Paul Piesker aus dem Spreewalddorf Lehde war einer von denen, die einfach zur falschen Zeit geboren wurden. Wer zwischen 1920 und 1930 in Deutschland auf die Welt kam und männlich war, hatte keine gute Prognose. Aber so etwas lässt sich heute nur im Rückblick sagen, damals war für jeden die Welt noch in Ordnung, ein normales Leben wie eh und je, mit Höhen und Tiefen schien vor ihnen zu liegen. Niemand ahnte, dass viele das Jahr 1945 nur mit viel Glück er- und überleben werden. Paul Piesker war Jahrgang 1926 und einer von den wenigen, die den Krieg überstanden, wenn auch schwer gezeichnet. Doch zunächst erlebte er eine unbeschwerte Kindheit, von einer liebevollen Mutter umsorgt, inmitten des Spreewaldes. Mit den braunen Machthabern hatte er früh schlechte Erfahrungen gemacht.
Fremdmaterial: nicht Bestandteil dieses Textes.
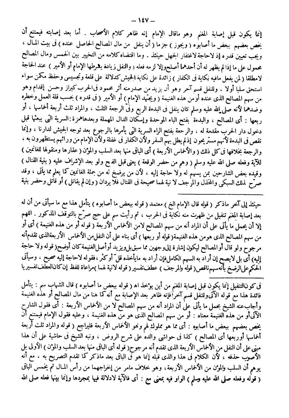 ـــــــــــــــــــــــــــــQفِي كَوْنِ التَّنْفِيلِ إنَّمَا يَكُونُ قَبْلَ إصَابَةِ الْمَغْنَمِ مِنْ أَيْنَ يُؤْخَذُ. اهـ. (قَوْلُهُ: بِبَعْضِ مَا أَصَابُوهُ) قَالَ الشِّهَابُ سم: يُتَأَمَّلُ فَائِدَةُ هَذَا مَعَ قَوْلِهِ الْآتِي وَلِلنَّفْلِ قِسْمٌ آخَرُ فَإِنَّهُ ظَاهِرٌ بَعْدَ الْإِصَابَةِ مَعَ أَنَّهُ كَمَا هُنَا مِنْ مَالِ الْمَصَالِحِ أَوْ هَذِهِ الْغَنِيمَةِ وَأَجَابَ عَنْهُ الشَّيْخُ بِحَمْلِ مَا يَأْتِي عَلَى أَنَّ الْمُرَادَ أَنَّهُ مِنْ سَهْمِ الْمَصَالِحِ لَا مِنْ الْأَخْمَاسِ الْأَرْبَعَةِ: أَيْ فَقَوْلُ الشَّارِحِ الْآتِي أَوْ مِنْ هَذِهِ الْغَنِيمَةِ مَعْنَاهُ: أَوْ مِنْ سَهْمِ الْمَصَالِحِ الَّذِي هُوَ مِنْ هَذِهِ الْغَنِيمَةِ، وَعَلَيْهِ فَقَوْلُ الْإِمَامِ فَيَمْتَنِعُ أَنْ يُخَصَّ بَعْضُهُمْ بِبَعْضِ مَا أَصَابُوهُ: أَيْ مِمَّا هُوَ مَمْلُوكٌ لَهُمْ وَهُوَ الْأَخْمَاسُ الْأَرْبَعَةُ فَلْيُرَاجَعْ (قَوْلُهُ: وَالْمُرَادُ ثُلُثُ أَرْبَعَةِ أَخْمَاسِهَا أَوْ رُبُعِهَا أَيْ الْمَصَالِحِ) كَذَا فِي حَوَاشِي وَالِدِهِ عَلَى شَرْحِ الرَّوْضِ، وَنَبَّهَ الشَّيْخُ فِي حَاشِيَةٍ عَلَى أَنَّ هَذَا مَبْنِيٌّ عَلَى أَنَّ النَّفَلَ مِنْ الْأَخْمَاسِ الْأَرْبَعَةِ الَّذِي تَقَدَّمَ أَنَّهُ مَرْجُوحٌ

Anfangs noch begeisterter Pimpf und gern das Braunhemd tragend, wurden ihm die Demonstrationen und Aufmärsche langsam lästig – es waren keine politischen Gründe, es war einfach die Zeit, die ihm fehlte. Je größer er wurde, desto öfter fuhr er mit dem Kahn Feriengäste. In guten Zeiten verdiente er mehr als seine Mutter, die im Café Venedig arbeitete. Sein Fahrrad, sein Konfirmandenanzug und noch so manchen anderen Wunsch finanzierte er mit selbstverdientem Geld. Wiedermal aus „Zeitgründen“ nahm er an einem Pflichtumzug zum 1. Mai nicht teil, aber sah vom Straßenrand zu, denn die Anwesenheit war befohlen worden. Er wollte danach so schnell es ging mit seinem Fahrrad zurück nach Lehde, die Urlauber warteten. Vielleicht war er in Gedanken schon bei der Kahnfahrt, sodass er vergaß, die Hakenkreuzfahnen zu grüßen. Eine schallende Ohrfeige war die Folge, er bekam sie von einem Zugordner. Für ihn war klar, dass er nie wieder zu den Pimpfen gehen wird, diese Demütigung saß tief. Erstmal blieb sein Entschluss scheinbar ohne Folgen, allerdings bekam er einfach nach der Schule keine Lehrstelle, was sich der gute Schüler, nicht erklären konnte …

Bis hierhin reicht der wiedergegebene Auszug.